LONDON — Prime Minister Tony Blair yesterday questioned the effectiveness of official public diplomacy in battling Islamic extremism, saying the government alone cannot heal the rifts with Britain’s Muslim community.

Mr. Blair was responding to criticism in Parliament that he had not done enough to engage the country’s 1.6 million Muslims a year after the July 7 terrorist attacks in London. A new poll showed that 13 percent of British Muslims regard the four suicide bombers who killed 52 persons that day as martyrs.

“Government itself cannot go and root out the extremism in these communities,” the prime minister told a parliamentary committee. “I’m not the person to go into the Muslim community and explain to them that this extreme view is not the true face of Islam.”

Moderate Muslim leaders and other prominent society figures outside the government have to do more to change attitudes, he said.

“I profoundly disagree that the problem here is that the government hasn’t acted,” he said. “We are not having a debate of a fundamental enough nature within the community, which is where the moderate majority go and stand up against the ideas of those people, not just their methods.”

Unlike the Bush administration, Mr. Blair’s government has not put a heavy emphasis on public diplomacy as part of its fight against terrorism. Last year, Mr. Bush tapped one of his closest friends and advisers, Karen Hughes, to be undersecretary of state for public diplomacy.

Mrs. Hughes, who had very limited experience with foreign affairs, has been traveling overseas and around the country, mostly meeting with Muslim leaders. Her efforts have received mixed reviews.

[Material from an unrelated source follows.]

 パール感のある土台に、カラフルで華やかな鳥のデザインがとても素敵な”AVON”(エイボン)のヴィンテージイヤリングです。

Mr. Blair was criticized by Sadiq Khan, a Muslim lawmaker from his own Labor Party, who said members of a Muslim task force set up after last year’s bombings were frustrated and “disillusioned” by the lack of progress.

Mr. Khan said Mr. Blair was “marching all these talented British Muslims up the hill of consultation and dialogue, only to march them down again.”

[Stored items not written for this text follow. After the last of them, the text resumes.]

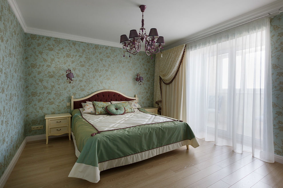 Bilik tidur menumpukan pada sebuah kandil besar. Corak, hiasan dan tambahan tali pinggang akan memberi penekanan lebih kepada keramahan pemilik rumah. Terdapat elemen sedemikian di setiap apartmen Amerika dan anda tidak boleh ketinggalan apabila anda mengikuti gaya ini.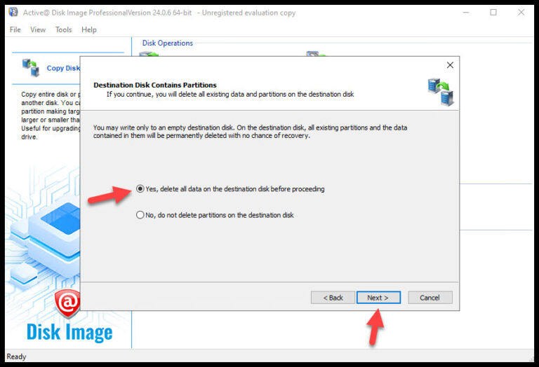 The next screen is important. We need to delete the data on the target disk. If you have the wrong disk EVERYTHING will be deleted. If you’re sure you have the correct disk choose Yes, then Next.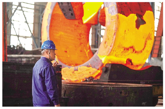 记者日前走进中国一重水压机锻造厂的厂房采访,刘伯鸣正在指挥操作手通过水压机把烫得发红的巨大钢锭塑成轴、辊、筒等各类锻件,这些锻件将被应用到核电、石油、化工等重大国计民生领域。水压机每一次锻压的时间、强度、角度,都分毫不差。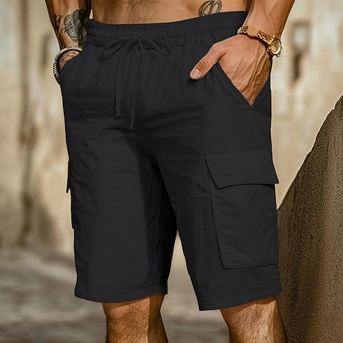Per uomo Pantaloncini cargo Shorts Shorts di Lino Pantaloncini Estivi Shorts da Spiaggia Coulisse Elastico in vita Multi-tasche Semplice Comodità Traspirante Lunghezza al ginocchio All'aperto

In the new poll published by the London Times, 7 percent said suicide attacks on British civilians could be justified in certain circumstances.

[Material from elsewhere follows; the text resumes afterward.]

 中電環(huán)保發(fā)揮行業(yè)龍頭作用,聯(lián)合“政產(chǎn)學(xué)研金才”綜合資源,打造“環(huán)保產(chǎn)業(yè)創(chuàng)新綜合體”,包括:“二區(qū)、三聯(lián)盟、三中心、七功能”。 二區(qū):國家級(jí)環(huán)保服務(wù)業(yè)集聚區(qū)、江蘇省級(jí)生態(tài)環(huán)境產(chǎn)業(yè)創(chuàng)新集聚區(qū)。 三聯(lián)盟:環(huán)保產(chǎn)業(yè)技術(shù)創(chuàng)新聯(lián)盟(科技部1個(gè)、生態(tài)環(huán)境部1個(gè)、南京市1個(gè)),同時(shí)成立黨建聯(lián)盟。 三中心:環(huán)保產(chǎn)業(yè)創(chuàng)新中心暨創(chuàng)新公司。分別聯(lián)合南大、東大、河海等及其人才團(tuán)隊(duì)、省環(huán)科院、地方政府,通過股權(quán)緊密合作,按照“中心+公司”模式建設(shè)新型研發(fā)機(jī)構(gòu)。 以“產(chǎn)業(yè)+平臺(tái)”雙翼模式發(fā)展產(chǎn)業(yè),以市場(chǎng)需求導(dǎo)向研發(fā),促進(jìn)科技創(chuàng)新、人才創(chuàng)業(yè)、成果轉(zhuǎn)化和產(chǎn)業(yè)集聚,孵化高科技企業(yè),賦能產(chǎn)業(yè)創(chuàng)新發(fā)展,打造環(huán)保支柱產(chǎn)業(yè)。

“It only takes one person to have those views to lead to devastation,” Mr. Khan told the British Broadcasting Corp.

Mr. Blair also said during yesterday’s hearing that he was likely to begin replacing Britain’s old nuclear power stations, though he noted he was not prejudging the outcome of a policy review by environmentalists, which will be published next week.

“It’s difficult for me to see, on the basis of the evidence now, that we can have secure energy supplies or tackle climate change effectively without replacing our nuclear power stations,” he said.

“Obviously, if the review had come out with evidence that showed this was a bad idea — we haven’t published the review yet, but the first cuts of it I’ve already talked about — then of course my mind would be differently made up,” he said.